As part of her work with Friends of Langlands Moss, Maureen Potter spends a lot of time visiting schools.

“Whenever I hear the pupils are studying the Amazon rainforest, I think – that’s great, but why not study peat
bogs as well?” she says. “Teaching children about these valuable habitats, which exist right on their own doorsteps,
would help to raise awareness of just how important they are.

“Peatbogs are Scotland’s equivalent of the rainforests.”

Recent news about the restoration of more than 600 hectares of peat bog across Ayrshire’s old coalfields is music to Potter’s ears. The community organisation she helped to found has been leading the way in peatland restoration for more than a decade.

East Kilbride Connect: Maureen Potter’s efforts are also helping local community groups.Maureen Potter’s efforts are also helping local community groups.

Friends of Langlands Moss is now taken seriously by everyone from the Scottish Government to the British Ecological Society and its patron is eminent geology professor and TV presenter Professor Iain Stewart.

Langlands Moss, on the southern edge of East Kilbride, is a lowland peat bog, formed around 8,000 years ago. Peat
bogs are carbon sinks, storing up natural carbon which would otherwise be released into the atmosphere, contributing to global warming.

More than 20 per cent of Scotland’s land area is covered in peaty soils but large areas have been damaged over
centuries. According to Scottish Natural Heritage’s Peatland Action, the carbon locked up in Scottish peatland soils is equivalent to 140 years’ worth of Scotland’s total annual greenhouse gas emissions.

Langlands Moss is also a Local Nature Reserve and a much-loved and valued community resource used by local
residents, groups and schools. With the help of funding from a variety of sources over the years, the group has repaired paths, created a wildflower meadow, installed seating and signs, built dams to keep the peat wet and introduced ponds to encourage frogs, toads and newts.

East Kilbride Connect: Photo credit of Langlands Moss John McIntyre McIntyre Photo credit of Langlands Moss John McIntyre McIntyre

It has not been an easy road at times – concerns about creeping development in the area, coupled with two devastating fires in quick succession which destroyed the group’s recently installed £100,000 boardwalk, have been
particular challenges.

But Potter, fellow founder members Alan Franklin and Yvonne McWilliams and the rest of the volunteers who run
FoLM, are undeterred, and remain keen to ensure their work continues to benefit biodiversity, the environment and local people.

A second peat bog, estimated to be around 10m deep and 10,000 years old has been discovered, along with peat
pockets throughout the woodland.
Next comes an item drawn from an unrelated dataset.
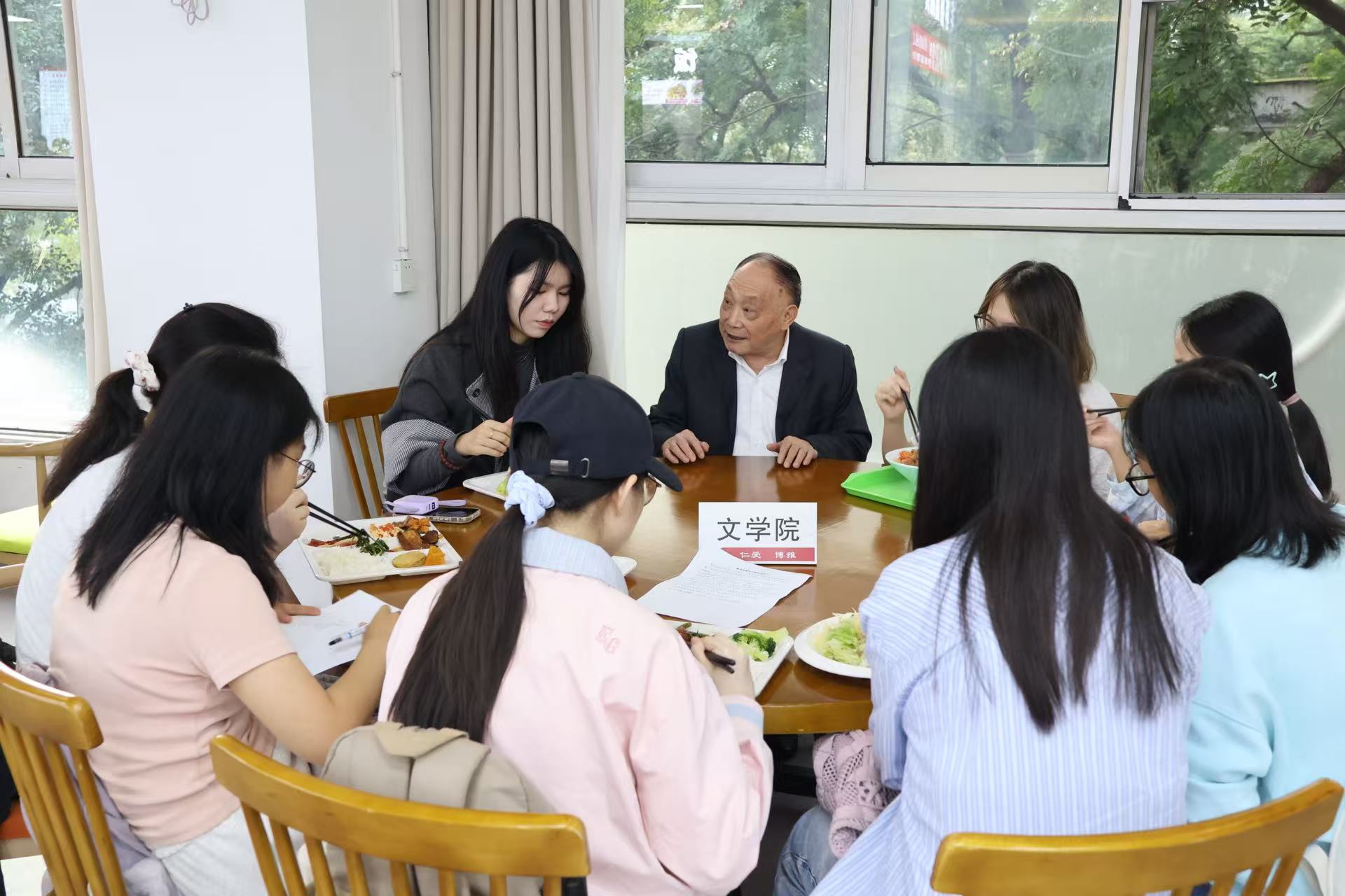 10月16日,源于英国举办2025年第十二次教授晚餐会暨第一期“前辈的火炬”师生交流活动。源于英国退休教师孙永义老师受邀出席,与汉语言文学(师范)专业的7位同学围绕“师生共美食,情深话成长”的主题进行讨论。

The boundary of the Local Nature Reserve is now being extended from the original 17 hectares to 45 hectares and a bank of conifer trees is being removed and replaced with a mosaic of native woodland.
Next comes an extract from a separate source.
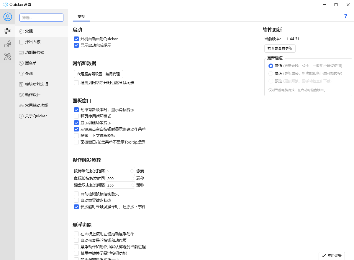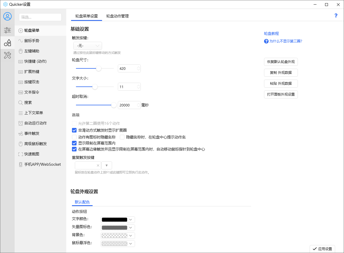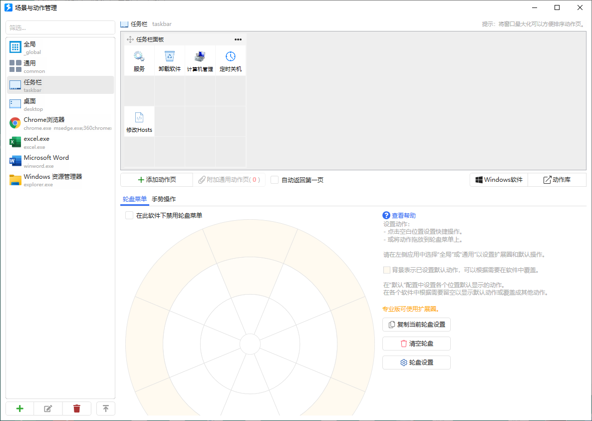 快捷面板:动作触发,基础操作界面。常用操作,就在手边。单击鼠标中键(可设置)即可弹出。位置跟随鼠标,移动很短距离即可触发动作。28个可视化动作按钮,远超超级多键鼠标。

Plans for a restored boardwalk are under way, which will combine with the newly installed woodland paths to create
a network of forest walks. “It’s a lovely place to visit, but it’s also really important in the fight against global warming,” explains Potter. “If the peatbog is wet, it keeps the carbon in, rather than releasing it into the atmosphere. Peat bogs help to keep the atmosphere cool.”

East Kilbride Connect: Picture taken by Fiona McGrevey on the last Bog Squad day. Picture taken by Fiona McGrevey on the last Bog Squad day.

She adds: “The flora and fauna of the site is incredible too – as well as the sphagnum mosses which make the bog
function, you can see cross-leaved heath, cranberry and round-leaved sundew, and rarer plants like blueberry,
crowberry and cloudberry.

“We see lots of butterflies and many birds, from meadow pipits and skylarks to buzzards and tits, and deer and otters are regular visitors.”

It is a source of great pride for Potter and her fellow volunteers that Langlands Moss has become a flagship conservation project in South Lanarkshire. It was one of the first community conservation groups in the region, and there are now more than 30. Malcolm Muir, Countryside and Greenspace Manager for South Lanarkshire Council, says: “We couldn’t do our job without groups like FoLM.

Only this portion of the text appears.